On the basis of the embodiment corresponding to fig. 3, the embodiment of the application further provides a method for generating the mouth area image. Fig. 4 is a flowchart of a method for generating a mouth area image according to an embodiment of the present application. As shown in fig. 4, in S303, mapping the original mouth region to a preset mouth region template map according to the point position of the original mouth region, to generate a mouth region image, including:
s401, constructing a first affine transformation matrix from the point position of the original mouth region to the point position of the template mouth region in the template diagram of the preset mouth region.
The construction method of the first affine transformation matrix is similar to that of the first sample affine transformation matrix, and is not repeated here.
S402, mapping the original mouth region into a preset mouth region template diagram by adopting a first affine transformation matrix according to the point positions of the original mouth region, and generating a mouth region image.
The generation manner of this step is similar to that of the original mouth region image of the sample, and will not be described here again.
To sum up, in the present embodiment, a first affine transformation matrix from the point location of the original mouth region to the point location of the template mouth region in the template diagram of the preset mouth region is constructed; according to the point positions of the original mouth region, a first affine transformation matrix is adopted to map the original mouth region into a preset mouth region template diagram, and a mouth region image is generated. Thus, the mouth area image is accurately generated.
On the basis of the embodiment corresponding to fig. 4, the embodiment of the application further provides a method for generating the target effect image. Fig. 5 is a flowchart of a method for generating a target effect image according to an embodiment of the application. As shown in fig. 5, in S305, restoring the tooth whitening effect map to the image to be processed, and generating a target effect image corresponding to the image to be processed includes:
S501, constructing a second affine transformation matrix from the point location of the template mouth region to the point location of the original mouth region.
The construction method of the second affine transformation matrix is similar to that of the first sample affine transformation matrix, and is not repeated here. The two are only different in that the construction direction of the first sample affine transformation matrix is from the point of the original mouth region of the sample to the point of the template mouth region, and the construction direction of the second affine transformation matrix is from the point of the template mouth region to the point of the original mouth region.
S502, generating point positions of a mouth area in the tooth whitening effect diagram, mapping the generated mouth area into an original mouth area by adopting a second affine transformation matrix, and obtaining the mapped tooth whitening effect diagram.
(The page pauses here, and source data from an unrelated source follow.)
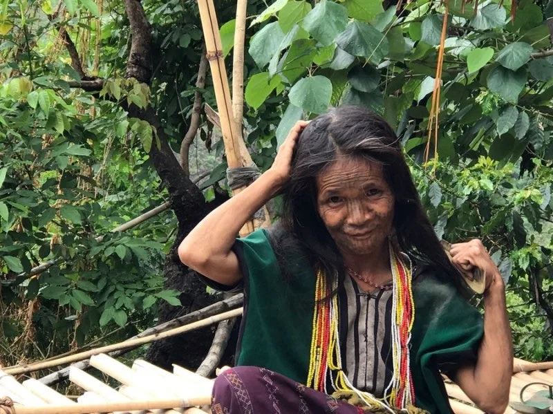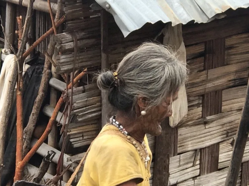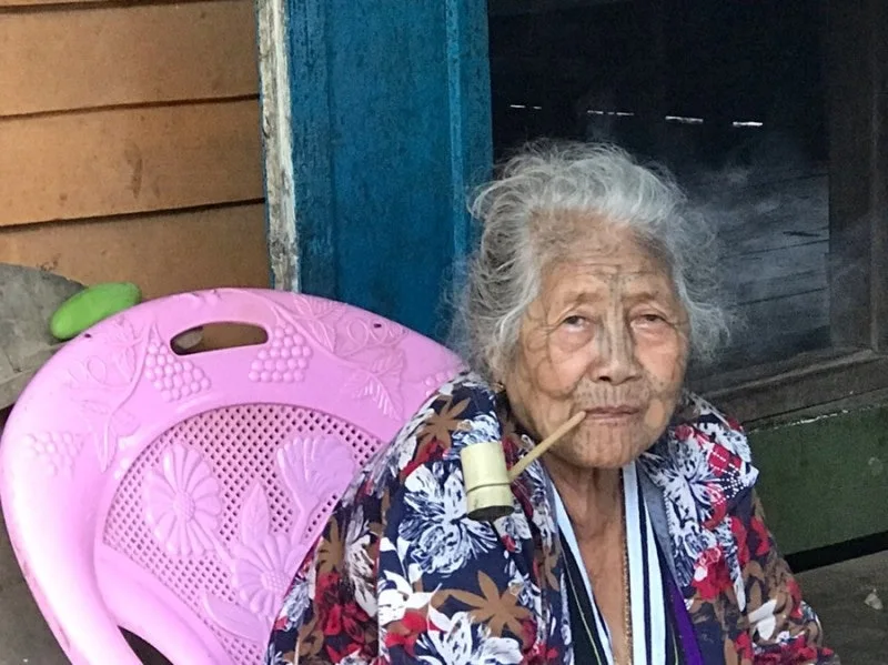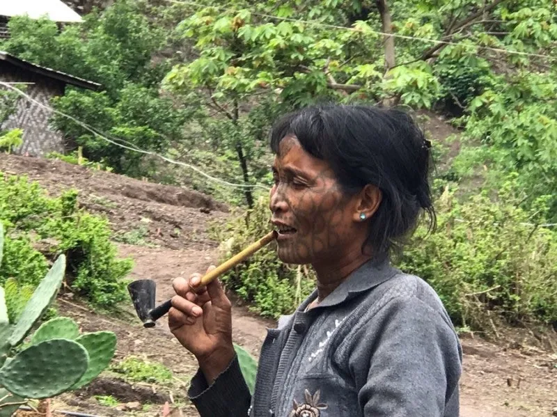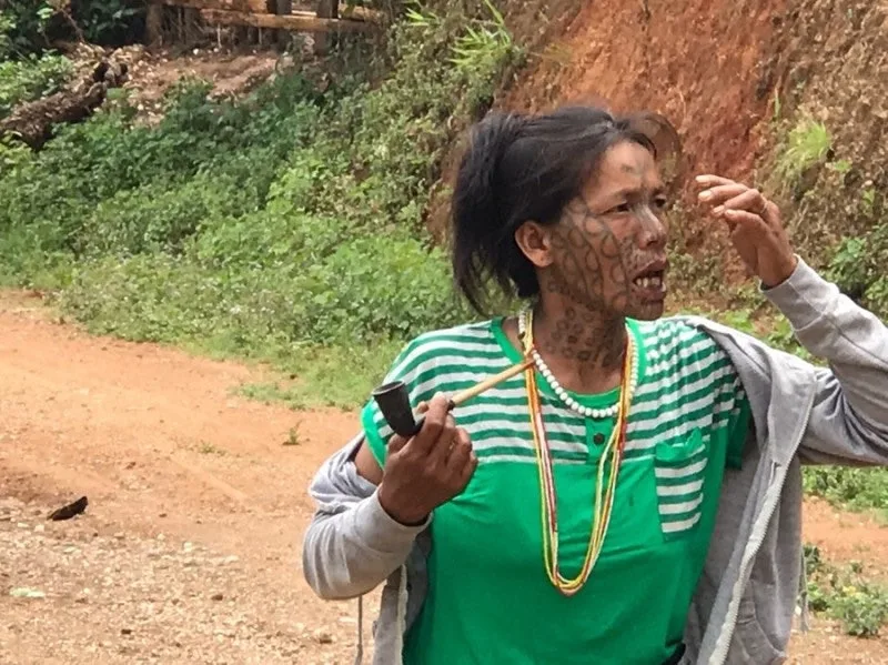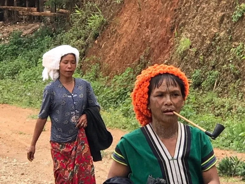 마을길을 따라 천천히 안으로 들어가자 얼굴문신을 한 여성분들이 담뱃대를 물고 지나간다.
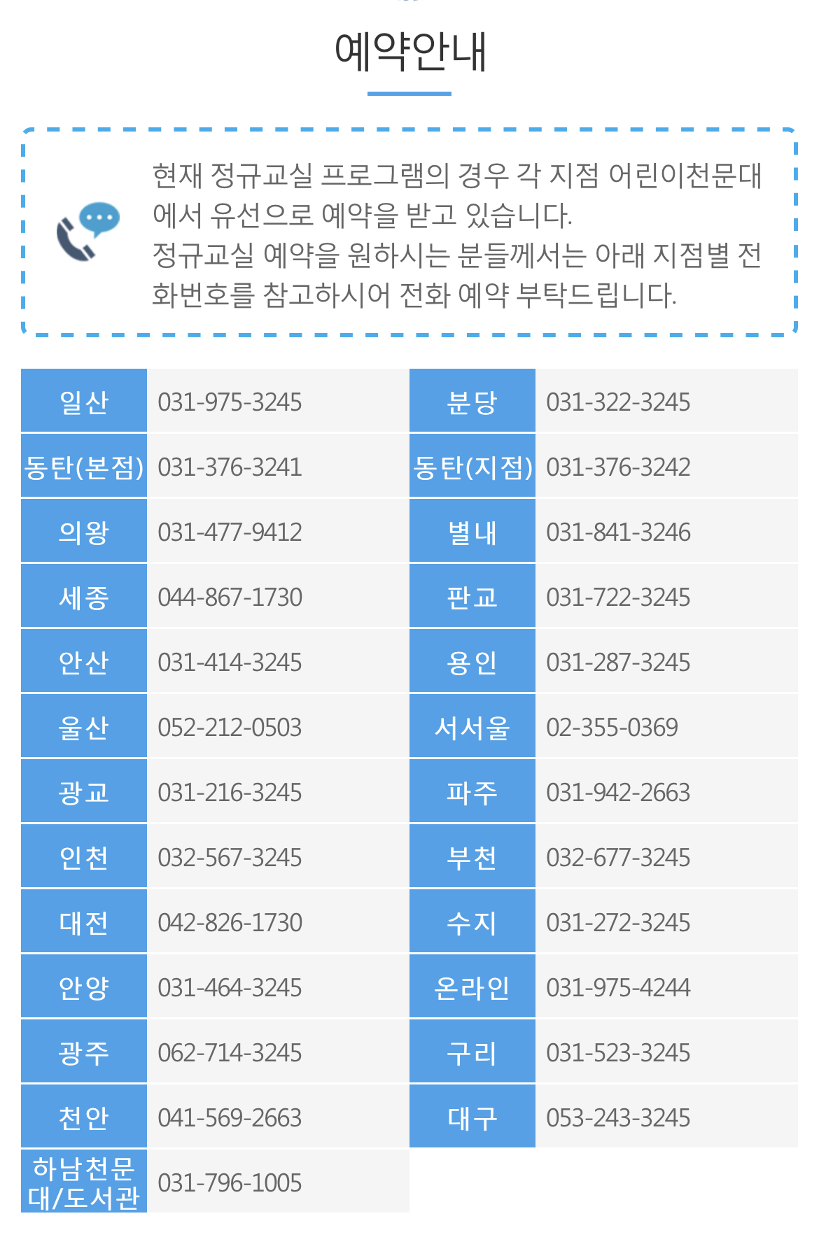 정규수업은 전화예약해야 한다는 안내사항이 있네요.
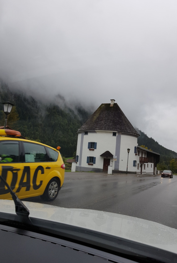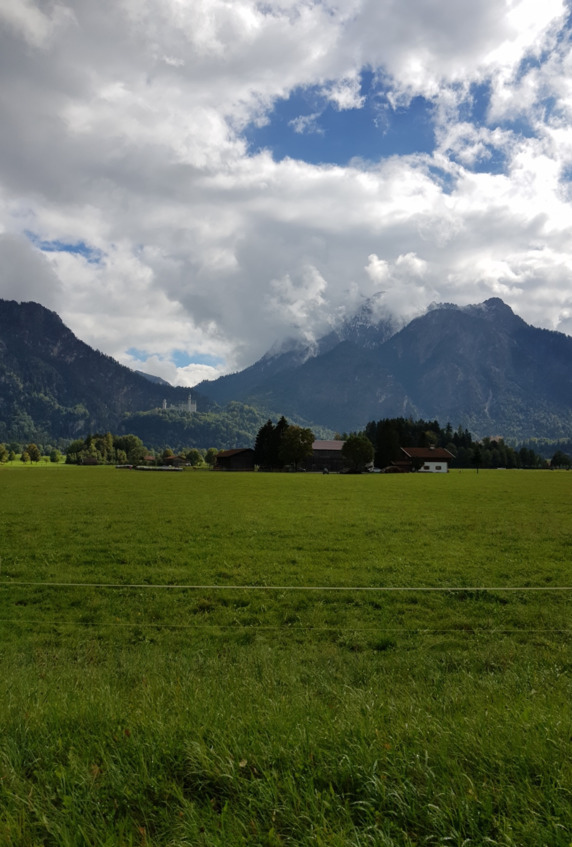 Впереди Боденское озеро, австрийский Брегенц, а по пути к нему хотим непременно посетить дворец Линдерхоф, спрятавшийся на склонах Альп в Гармиш – Партенкирхен. После трех солнечных дней в Мюнхене погода оставляет желать, набежали тучи, моросит мелкий дождь, и мы даже не догадываемся, что благодаря этому обстоятельству увидим такое чудо, ради которого стоит оказаться в это время, в этом месте. Но все по порядку. По мере приближения к Альпам погода ухудшается, как и видимость, все небо затянуто тучами. Дорога становится извилистой, начинают встречаться первые дома в горах.
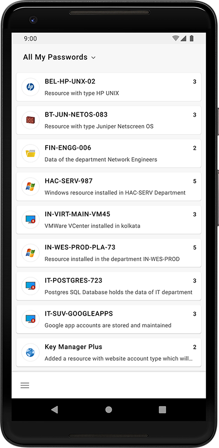 PAM360のAndroidアプリケーションには、デスクトップインストールから離れているときも、特権アカウントを管理dけいる全包括的な機能が付いています。
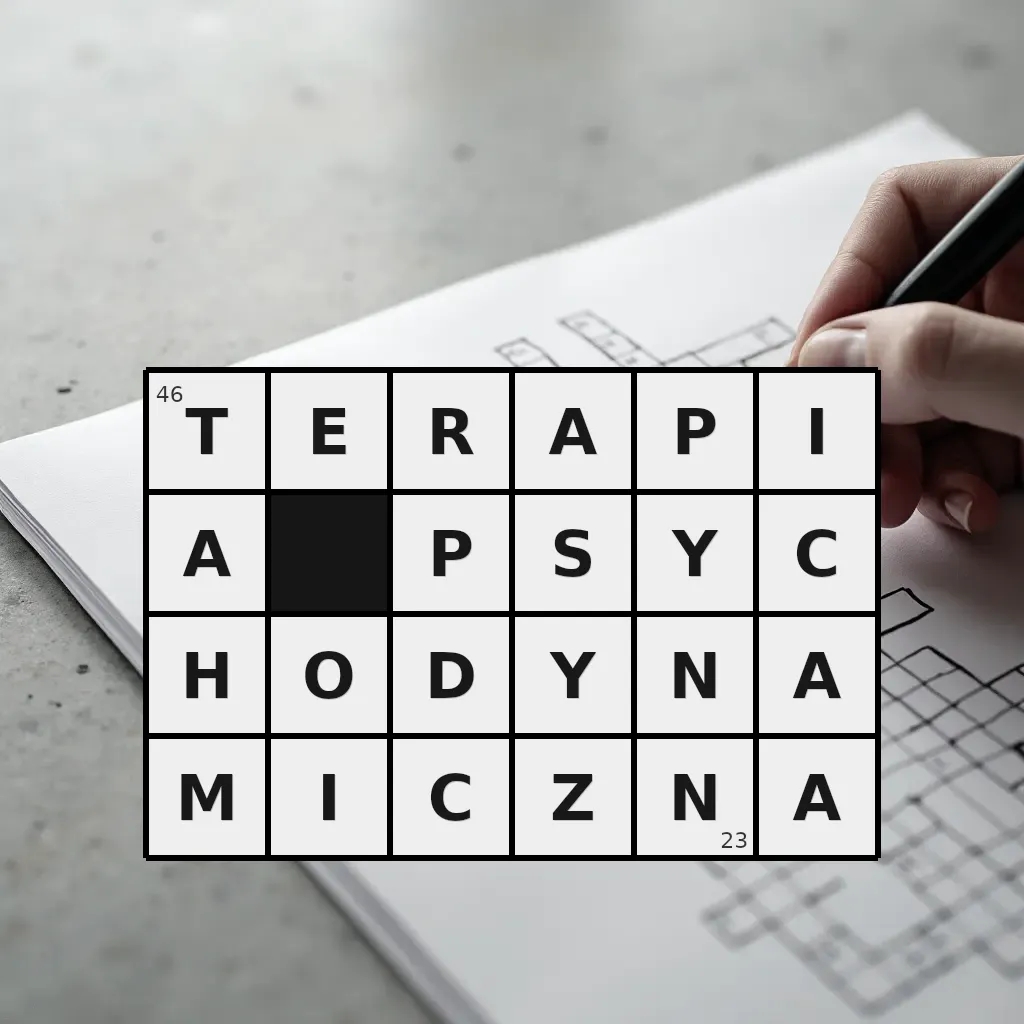 Słowo „terapia psychodynamiczna” ma 23 znaki (bez spacji i łączników).
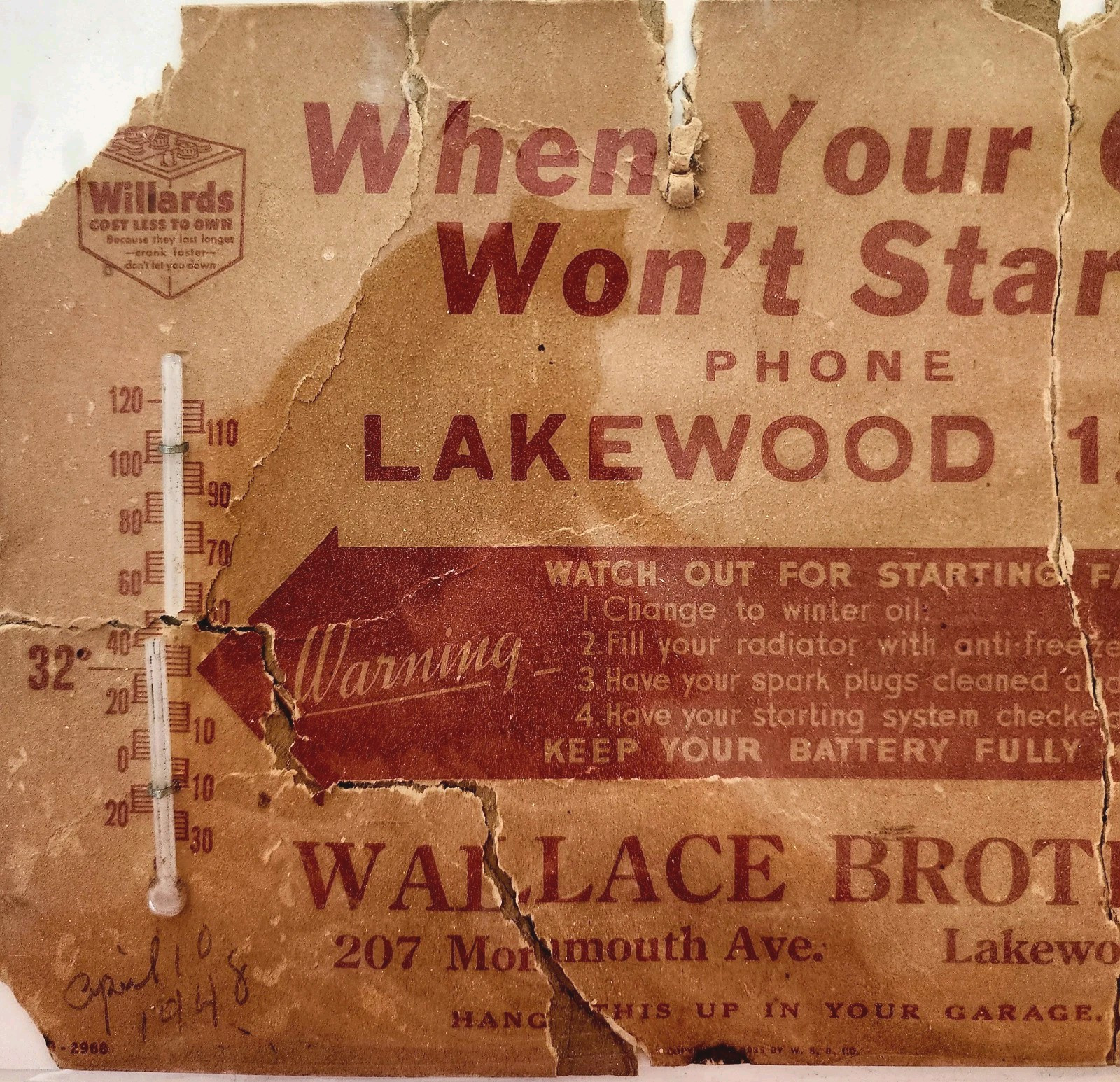 1948 Wallace Brothers Garage Advertisement Thermometer Sign Lakewood NJ DWRR3
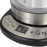 مدل DN-185 ظاهر مینیمال و جمعوجوری داره. کتری و قوری هر دو از جنس شیشهی مقاوم به حرارت ساخته شدن و این شفاف بودن باعث میشه همیشه بدونی چقدر آب یا چای داخلش هست. پایهی گرمکننده معمولاً از پلاستیک فشرده و استیل ساخته شده که دوام خوبی هم داره و تمیز کردنش راحته.
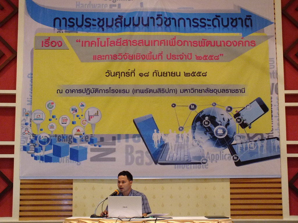 รายละเอียดกิจกรรม : การประชุมสัมมนาวิชาการระดับชาติ เรื่อง "เทคโนโลยีสารสนเทศเพื่อการพัฒนาองค์กรและการวิจัยเชิงพื้นที่ ประจำปี 2558" ณ อาคารปฏิบัติการโรงแรม (เทพรัตนสิริปภา) มหาวิทยาลัยอุบลราชธานี, 18 กันยายน 2558 กลุ่มด้านประกันคุณภาพ : 3. กิจกรรมการพัฒนานิสิตนักศึกษา 4. การวิจัย จำนวน 118 ภาพ
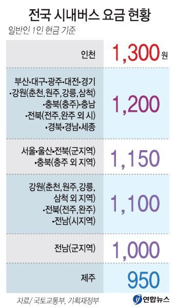 16일 국토교통부와 기획재정부 등에 따르면 2013년 현재 일반인 1인 현금 기준 전국 시내버스 기본요금은 평균 1천152원이었다. 지역별로는 950원∼1천300원이었다. 기본요금이 가장 비싼 곳은 인천시(1천300원)였다. 부산과 대구, 광주, 대전 등13곳도 1천200원으로 평균보다 높았다.
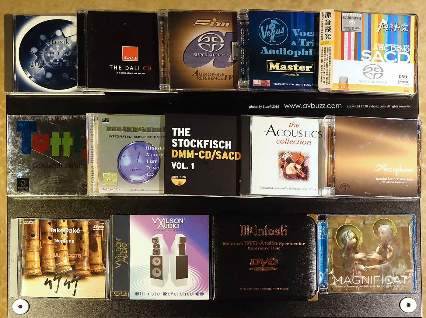 國仁一向做兩聲道示範會都是 CAS 不離手,今次經典天碟鑑賞會,播放的都是光碟,沒有檔案,自然不需要帶電腦來到現場,國仁為大家準備好合共 14 隻音樂軟件,當中 DVD Audio 佔2隻, SACD CD佔4隻,其餘8隻都是CD。
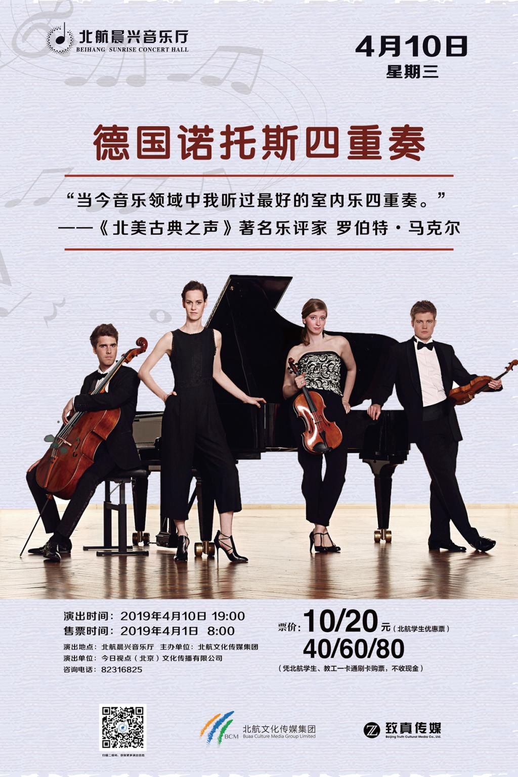 德國諾托斯四重奏被譽(yù)為當(dāng)今最杰出的室內(nèi)樂四重奏(德國音樂期刊Fono Forum)。他們精湛的音樂才華,完美的演奏技巧以及完美平衡演奏出古典樂曲中的每個細(xì)節(jié),深深的從心靈深處打動全球樂評家以及古典樂迷。團(tuán)隊成員主要有:信德里·雷德勒—小提琴、安德利亞·伯爾格—中提琴、菲利普·格萊姆—大提琴、安東尼婭·古斯特—鋼琴。諾托斯四重奏自2007年成立以來,獲得了眾多國際比賽的首獎,其中包含了中國勛菲爾德國際弦樂賽,艾爾米國際室內(nèi)樂大賽,荷蘭查爾斯荷楠克爾克斯國際室內(nèi)樂大賽,意大利佛羅倫薩維托里奧·古依大賽以及英國倫敦帕克豪斯大賽等。
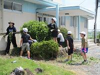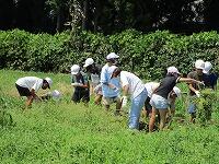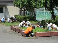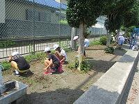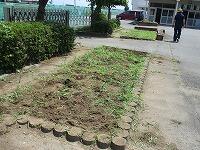 業間休み前半に、全校生で花壇や農園の除草をしました
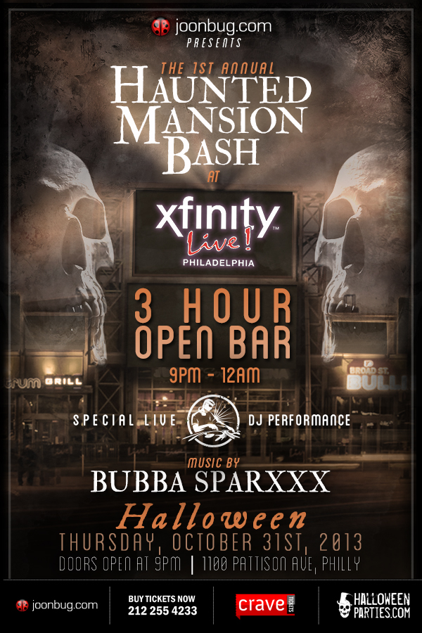 This Halloween, Philadelphia’s Xfinity Live will unbolt its doors for the 1st Annual Haunted Mansion Masquerade Ball to reveal the endlessly entertaining debauchery lurking within. Xfinity Live will be transformed into an nocturnal platform for a thrilling Halloween ball where the sexy and sinful carouse and cavort in their Halloween costume finery. Best of all; you’ll have full access to the spacious 80,000 square foot party palace where the willful and wild will be unleashing their inner devilish ways. With tantalizing areas such as Bullies, Spectrum Grill, PBR, Victory, X bar lounge/mezzanine and the NBC Sports Arena, Xfinity Live is huge and diverse enough to satisfy all your guilty pleasures and Halloween fantasies.

The generation manner of this step is similar to that of the original mouth region image of the sample, and will not be described here again.
S503, restoring the mapped tooth whitening effect image to the image to be processed, and generating a target effect image.
And replacing the original mouth area in the image to be processed by the mapped tooth whitening effect image to obtain a target effect image corresponding to the image to be processed. The target effect image includes both the mouth area after tooth whitening and other area artwork except the mouth area.
To sum up, in the present embodiment, a second affine transformation matrix from the point location of the template mouth region to the point location of the original mouth region is constructed; generating point positions of a mouth area in the tooth whitening effect map, mapping the generated mouth area into an original mouth area by adopting a second affine transformation matrix, and obtaining a mapped tooth whitening effect map; and restoring the mapped tooth whitening effect image to the image to be processed to generate a target effect image. Thus, the target effect image after the tooth whitening treatment is accurately obtained.
On the basis of the embodiment corresponding to fig. 5, in another embodiment of the present application, in S503, restoring the mapped tooth whitening effect map to the image to be processed, and generating the target effect image includes:
and restoring the mapped tooth whitening effect graph to the image to be processed by adopting a preset image restoration formula according to the preset tooth whitening intensity parameters, and generating a target effect image.
And replacing the original mouth area in the image to be processed by adopting the tooth whitening effect image to obtain an initial effect image corresponding to the image to be processed. The target effect image includes both the mouth area after tooth whitening and other area artwork except the mouth area. And generating a target effect image by adopting a preset image restoration formula according to the image to be processed and the initial effect image.
Illustratively, the user presets the preset tooth whitening intensity parameters prior to processing the portrait teeth. The preset image restoration formula is shown in the following formula (5):
D = D1 * k + S * (1-k) (5)
wherein k is a tooth whitening intensity parameter (more than 0 and less than 1), S is an image to be processed, D 1 is an initial effect image, and D is a target effect image.
The initial effect image containing the tooth whitening effect image and the image to be processed are fused, the whitening effect is neutralized, the obtained target effect image is more real, the whitening effect is achieved, excessive whitening distortion cannot be caused, and the method is suitable for multi-scene whitening.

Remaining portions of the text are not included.